New requirements for marketplace sellers and SaaS

Marketplace sellers are required to integrate their systems with tax authorities data sharing platforms, monitor VAT compliance for SaaS and AI-driven services, and ensure transparency of supply chains (supply chain compliance) for B2B and B2C.

COREDO implemented a comprehensive solution for a life sciences company that enabled integration of VAT reporting processes with ERP systems and minimized administrative burden.

StrategicRisks in the technology business

For technology companies and startups in the EU, the key risks remain:

  • Increase in administrative burden (administrative burden)
  • Tightening of VAT audit and control over VAT obligations for companies
  • The need for constant monitoring of changes in VAT harmonization and national legislation

At the same time, a sound VAT compliance strategy opens up new opportunities for international expansion and optimization of the tax burden.

Key recommendations for businesses

Key recommendations for businesses help prepare in advance for changes in tax regulation and minimize risks for the company in 2025. With the update of VAT rules, registration and compliance become an integral part of stable operations and long-term business growth.

VAT registration and compliance in 2025

  1. Conduct an audit of the business model and determine the VAT registration threshold 2025 for all countries of presence.
  2. Choose the optimal OSS or IOSS scheme for distance selling and digital services.
  3. Appoint a VAT fiscal representative where required for non-residents.
  4. Implement automated systems for monitoring VAT obligations and VAT reporting.

Errors and risks when working with VAT

  • Regularly update knowledge on national and pan-European changes in VAT for business in Europe.
  • Use automation to control filing deadlines and store VAT documents.
  • Conduct an internal VAT audit at least once a year.
  • Implement best practices for supply chain compliance for international supply chains.

Metrics for assessing VAT compliance

  • VAT reporting processing time (before and after automation)
  • Number of errors/corrections in VAT returns
  • ROI from implementing AI-driven tools for VAT automation
  • Level of administrative burden on the team

EU VAT: changes in 2025

What are the main changes in the VAT registration threshold 2025?

Thresholds are being unified, but national specifics remain.
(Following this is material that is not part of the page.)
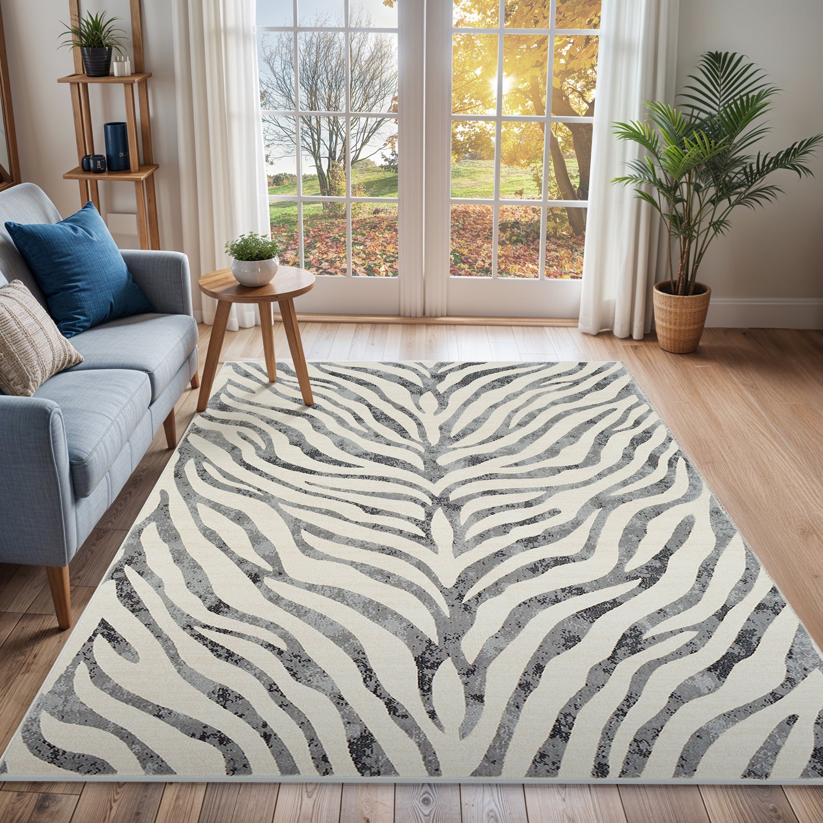 Tapis Zébré Bohème Gris Foncé/Beige Luanda

For distance selling, there is a single €10,000 threshold for OSS.
What are OSS and IOSS, and when to use them? OSS – for B2C sales of goods and services in the EU, IOSS: for imports of goods up to €150. They allow a single VAT registration and the submission of a unified report.
What are the VAT compliance requirements for SaaS and digital services? It is necessary to automate the calculation of VAT rates by place of consumption, store digital documents, and integrate with ViDA.
Which EU countries require a VAT fiscal representative for non-residents? France, Germany, Italy, Spain and a number of others. Requirements are regularly updated.
What to do in case of errors in VAT reporting? Submit corrections in a timely manner, keep all documents and correspond with tax authorities through a fiscal representative.

The future of VAT in the EU: what businesses should consider

In 2025, EU VAT becomes not just a tax obligation but a strategic tool for international business. Comprehensive support, process automation and a deep understanding of the new ViDA standards make it possible not only to minimize compliance risk but also to create competitive advantages for companies focused on international development.

COREDO’s experience confirms: timely adaptation to changes, investment in technologies and partnership with experts are the key to sustainable growth and successful scaling of business in Europe, Asia and the CIS.